Trevor

Trevor
He loves pin-wheels!

Friday, March 4, 2011

I haven't written much the last little while. I caught Trevor's cold.  I am finally recovering from a respiratory infection-- at least it wasn't full blown pneumonia like Trevor.

Since I last wrote a beautiful little boy with autism died in a tragic accident. His family lives just a few blocks away and they attend our church. He was 10 yrs. old and wanted to be baptised, although he didn't need to. The elders had been working with him to prepare.  Because his mother was single the elders had to bring a member along to the visits and my husband was lucky enough to go along for several visits. The elders had been teaching him to pray properly and apparently it had been a struggle.

Sunday evening he was asked to take a shower. He decided to take a bath instead and didn't tell anyone. After a short while his family started to wonder where he was and went to check on him. His uncle, who was living with them to help with His care, found him drowned after having a seizure in the tub.

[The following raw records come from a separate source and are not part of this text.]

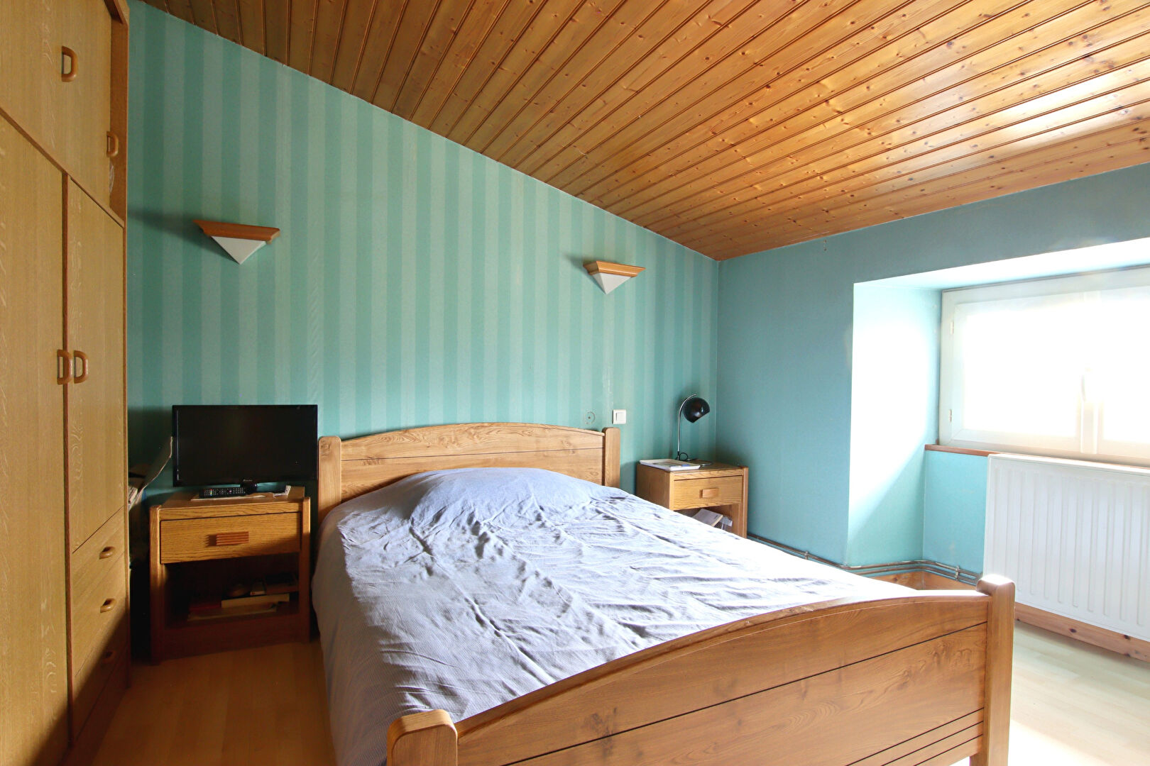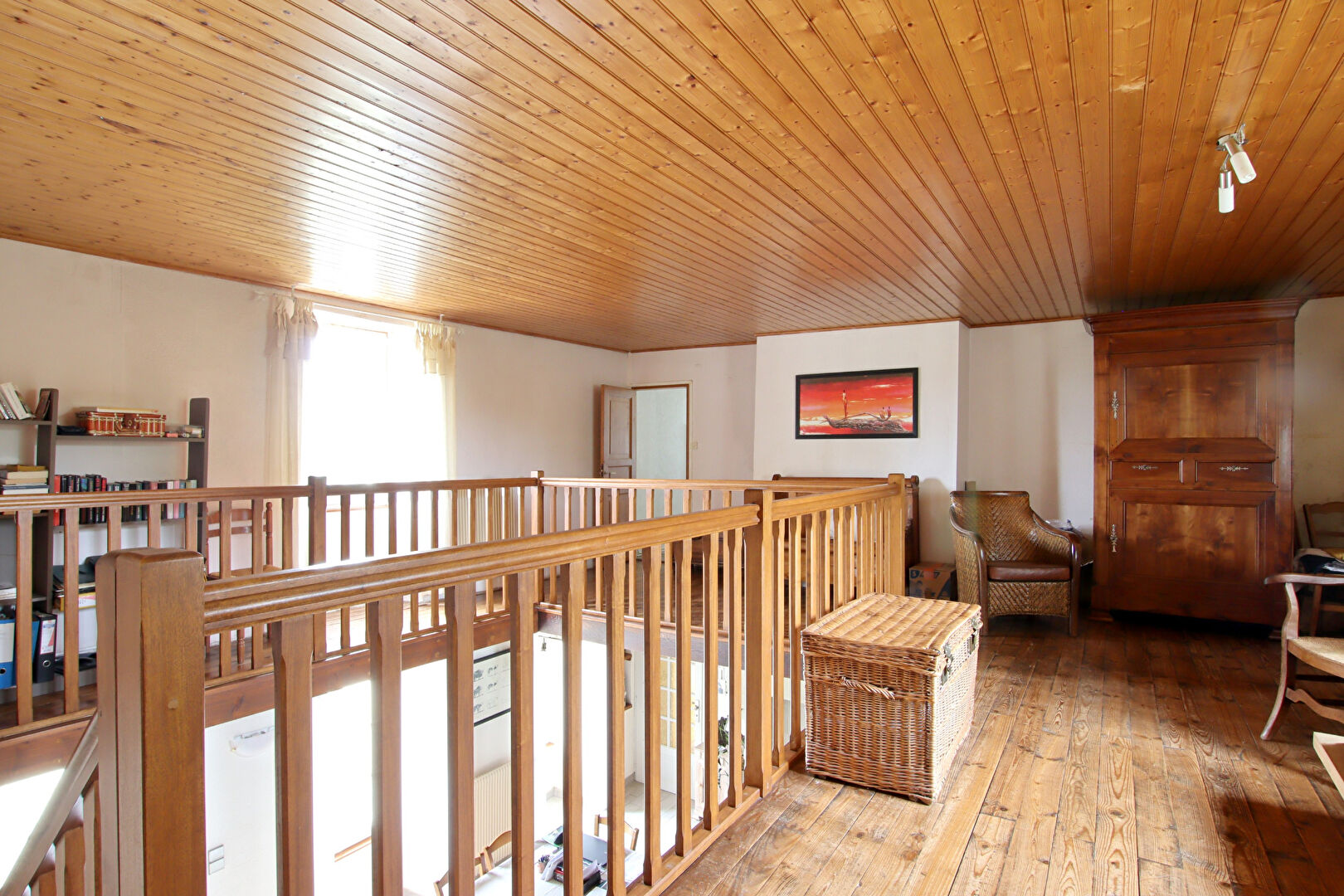Cette jolie maison de 143 m² habitables offre en rez-de-chaussée une belle cuisine aménagée et équipée, une buanderie ayant un accès direct au garage, un salon-séjour avec son poêle à bois, un bureau (ou chambre) donnant accès au grenier et des WC.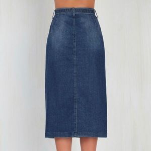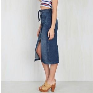 Lovely denim skirt with matching sash, front pockets, and silver buttons. Mid-wash denim with recently-retro appeal. Mid length well below knees: approx 32” long.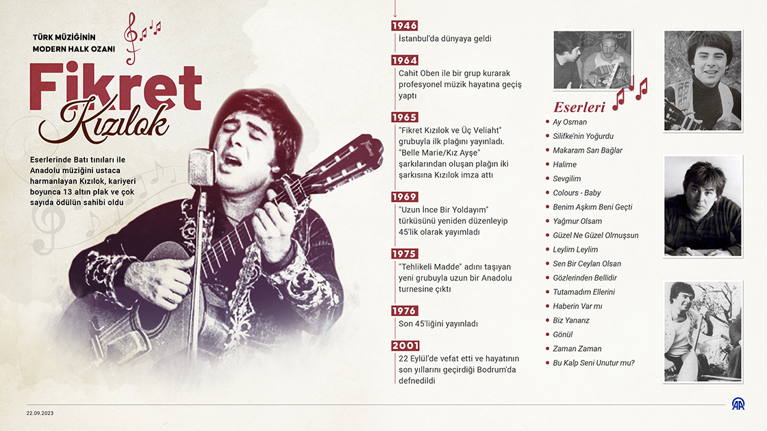 Eserlerinde Batı tınıları ile Anadolu müziğini ustaca harmanlayan Fikret Kızılok, vefatının 22. yılında anılıyor.

This child was loved by many many people. His family had done everything in his power to give him a good. life. Raising a child with special needs is more challenging than I can say. As a mother of a child with autism who has sacrificed many of my own goals, needs and relationships I cannot imagine losing the only thing worthy of that.

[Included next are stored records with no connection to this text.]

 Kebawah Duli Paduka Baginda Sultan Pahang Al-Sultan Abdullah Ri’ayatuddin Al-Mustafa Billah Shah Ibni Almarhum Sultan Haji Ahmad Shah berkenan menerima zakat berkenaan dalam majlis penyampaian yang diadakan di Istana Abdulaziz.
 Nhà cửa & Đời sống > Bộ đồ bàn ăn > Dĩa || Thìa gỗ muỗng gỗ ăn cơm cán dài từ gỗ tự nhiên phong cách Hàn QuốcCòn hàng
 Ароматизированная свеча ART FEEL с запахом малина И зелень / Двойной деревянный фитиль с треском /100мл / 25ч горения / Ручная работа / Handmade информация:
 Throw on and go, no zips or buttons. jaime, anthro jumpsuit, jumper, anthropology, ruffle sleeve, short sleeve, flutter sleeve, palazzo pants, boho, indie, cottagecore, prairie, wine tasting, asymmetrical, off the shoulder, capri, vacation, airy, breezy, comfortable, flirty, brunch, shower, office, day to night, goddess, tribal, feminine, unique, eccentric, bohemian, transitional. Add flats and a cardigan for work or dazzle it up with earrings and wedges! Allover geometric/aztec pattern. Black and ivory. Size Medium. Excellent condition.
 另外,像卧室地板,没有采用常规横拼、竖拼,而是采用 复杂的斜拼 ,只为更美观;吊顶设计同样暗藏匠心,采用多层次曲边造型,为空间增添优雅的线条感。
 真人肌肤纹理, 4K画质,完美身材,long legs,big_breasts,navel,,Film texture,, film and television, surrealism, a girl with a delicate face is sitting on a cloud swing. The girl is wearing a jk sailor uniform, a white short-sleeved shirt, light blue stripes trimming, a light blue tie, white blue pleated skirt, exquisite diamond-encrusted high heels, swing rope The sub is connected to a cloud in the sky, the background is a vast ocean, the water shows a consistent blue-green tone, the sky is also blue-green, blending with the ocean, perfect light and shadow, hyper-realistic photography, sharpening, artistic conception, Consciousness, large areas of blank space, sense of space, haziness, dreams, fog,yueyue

We attended the funeral. At the viewing Trevor was very quiet. It was like he knew that we were somewhere special.  The little boy was dressed in a little suit. He looked handsome and peaceful. He was holding a little orange matchbox car in his hand (probably his favorite). It was EXACTLY like one that Trevor plays with. Suddenly the moment became very real for me. This could easily have been my son.

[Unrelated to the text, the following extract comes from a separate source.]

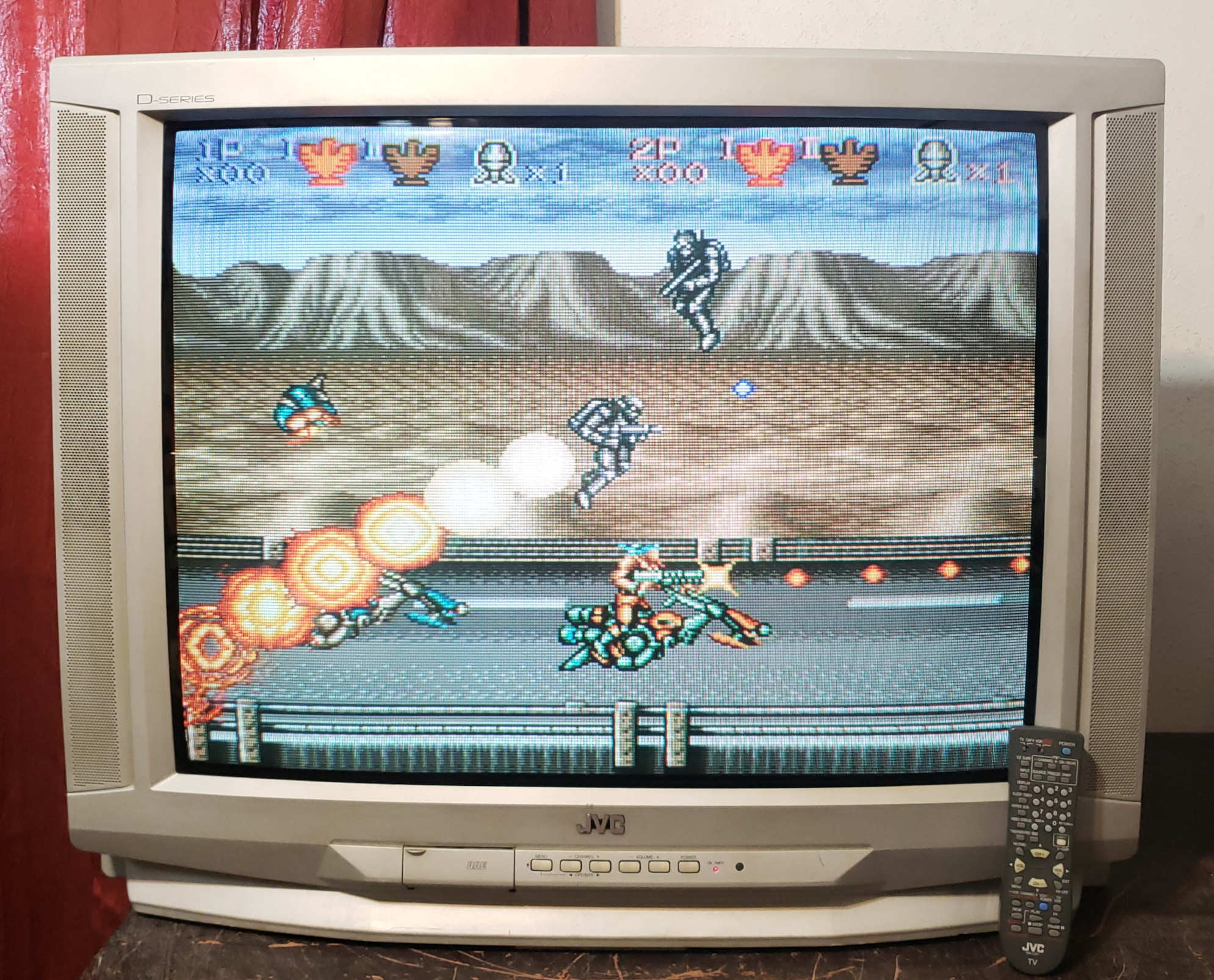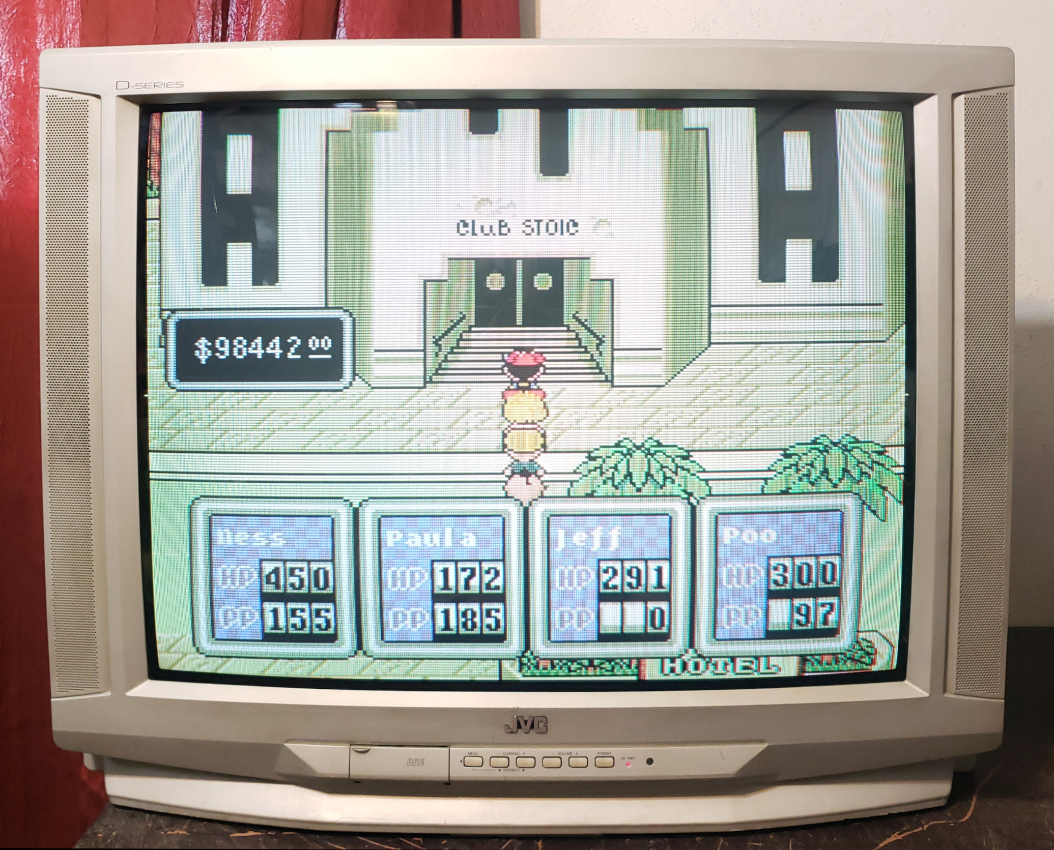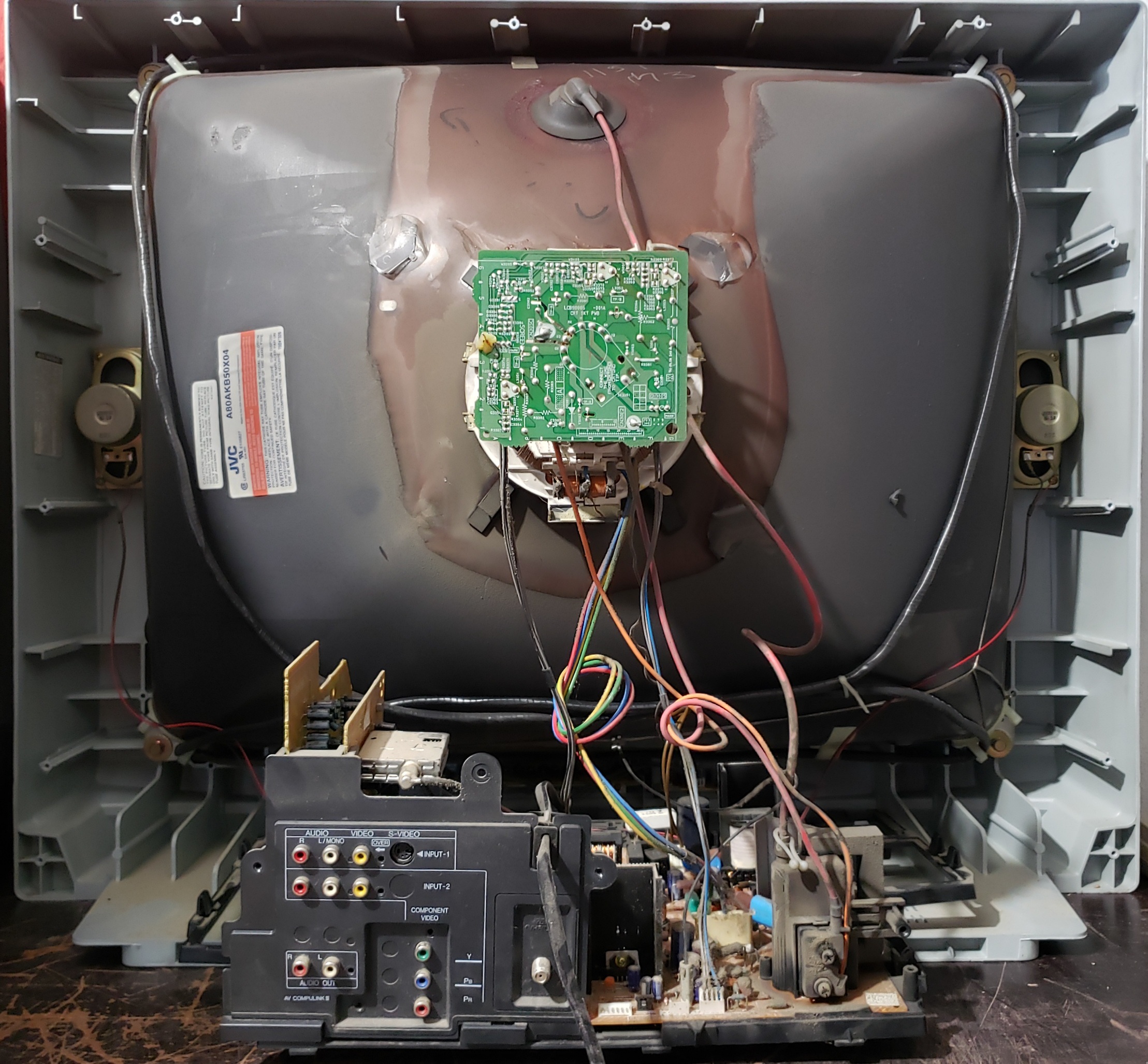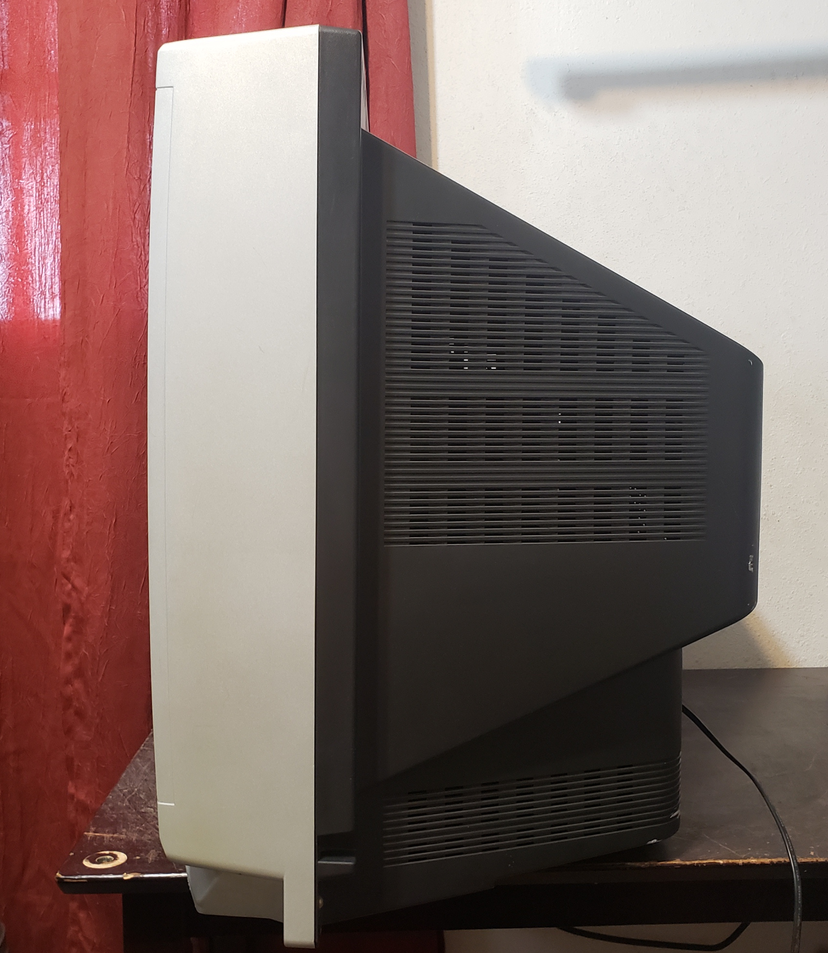 For composite decoding this set uses a Toshiba TC90A49P, a 3-line digital comb filter. Depending on the console/revision, dot artifacting ranges from slight to severe, and blending effects may be broken. If the set has an s-video or component YPbPr input, then using a good external notch filter to decode composite instead and sending that to the set would blend all dithering patterns and remove nearly all dot artifacts (full guide here).

Inside the coffin was taped the instructions for how to pray, a picture of his cat, an old ratty stuffed animal and pinned to his shirt was one of the missionaries' name badges.

It was very emotional and beautiful. I was very happy that we were able to go and remember this amazing little boy's life.

We have heard about many other deaths and serious injuries of autistic children in our community. Last summer a child somehow fell out of a window. You are probably thinking that the parent was to blame, however many of these little kiddos have something called SPD-- Sensory Processing Disorder. Some kids require more 'input' of their senses to feel regulated. This could include seeking out really strong odors, or eating things that are very flavored (not even always edible things). They may like to be up high and jump off of high things-- and because they have a very high tolerance for pain they can get injured and be eager to do it again. They often like unique textures or need to experience things in their mouths or touch things that are hot. Trevor likes to have his body squeezed very tight, especially his head, and he insists the TV is always on. Sometime it is very hard to find ways to keep them stimulated and so they go searching for things that often are very unusual to someone not familiar to the disorder. Trevor has this disorder.

 As you can imagine there are also kids with SPD that have the opposite problem and cannot stand very much input-- they hate colorful things, many foods, noises, smells, fabrics etc. Trevor has an unusual form of SPD, where he has both a huge need for input and major aversions to some stimuli. We never know from day to day, minute to minute what his body will need. He has a lot of tantrums, often violent because he cant tell us what he needs or what is bothering him.

Maybe this mom had done everything imaginable to keep her child from the windows-- child proof them, blocked them but, his desperate need for input just took over and he finally made it out in the split second she wasn't looking.

Another child was actually taken from his family. He 'needed' to be told by his family any time they were leaving the house or he would get very upset. One day his mother ran out to the car to grab something and thought he wouldn't notice and when he did he split his head on the fireplace mantle. I could totally see myself thinking-- 'well I am not actually leaving and he is busy doing something' etc. and the same thing happening to me.

You can't imagine the pressure I am under and the anxiety I feel raising a child with no ability to anticipate danger, who enjoys pain, who either loves or hates almost any sensation or noise-- and on top of that cannot communicate. Any parent is destined to miss something eventually.

I have seen trevor try to chase cars, get into the washing machine, run for the pool without me, bang his head, climb on everything imaginable, jump off everything imaginable and much more.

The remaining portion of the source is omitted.